Notes on Failing to Understand Software Transactional Memory

Posted on May 22, 2016

I am writing some library to easily implement event sourced services in Haskell based on previous experience at Capital Match, and while doing so I rewrote a simple file-based event store. This store communicates with core service using TBQueue, a bounded queue implemented over Haskell’s STM. It took me couple of hours on Friday to solve a BlockedIndefinitelyOnSTM bug I was facing while testing this simple store. So today I posted a question about STM on Stack Overflow, as I did not have a clear intuition on why my code was failing, hence why my fix was correct.

The code of the store boils down to the following simple model.

First some useful imports…

{-# LANGUAGE ScopedTypeVariables #-}
module Main where

import           Control.Concurrent.Async
import           Control.Concurrent.STM
import           Control.Exception
import           Control.Monad            (forever)
import           Hevents.Eff
import           System.IO

The store dequeues some operation from a given queue, writes the operation’s string to stdout then put back the length of the written string into a TMVar, which models communicating the result of the operation back to the caller.
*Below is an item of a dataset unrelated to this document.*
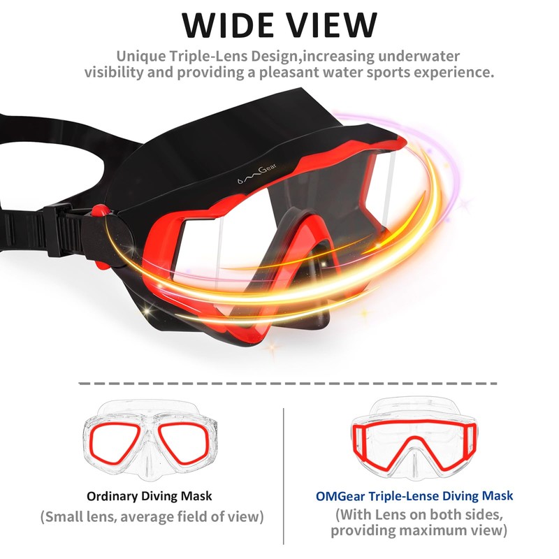 - 【Premium PC Triple-Lens with Anti-fog Coating】OMGear three lens diving mask is made by premium Polycarbonate with anti-fog coating,providing a panoramic field of vision and clear view. This Swim goggles with nose cover is also Shatter-proof and anti-leak,is perfect for users who do not know how to stop breathing by nose when swimming, snorkeling or scuba diving.

data Op = Op String (TMVar Int)

storerun :: TBQueue Op -> IO ()
storerun q = do
  h <- openFile "store.test" ReadWriteMode
  hSetBuffering h NoBuffering
  forever $ do
    Op s v <- atomically $ readTBQueue q
    hPutStrLn h s
    atomically $ putTMVar v (length s)

The main function is responsible for creating the jobs queue, starting the “store” in a separate thread then reading lines from stdin and feeding them as “operations” for the store.

main :: IO ()
main = do
  q <- newTBQueueIO 100
  _ <- async $ storerun q
  storeInput q
  where
    storeInput q = forever $ do
      l <- getLine
      v <- newEmptyTMVarIO
      r <- atomically $ do
        writeTBQueue q (Op l v)
        takeTMVar v

This code deadlocks because STM are actually - surprise! - transactions: They do all of their operations, or nothing, and they are serialized. Hence the following block:

r <- atomically $ do
  writeTBQueue q (Op l v)
  takeTMVar v

…can succeeds if and only if it can atomically put an operation in the queue and read the result back from v. Which of course is not possible because the result is put back after the operation is read from the queue in another transaction. The correct code is:

atomically $ writeTBQueue q (Op l v)
r <- atomically $ takeTMVar v

Pretty obvious, in retrospect. As the person who answered my question on SO, there is no way for two STM transactions to exchange information.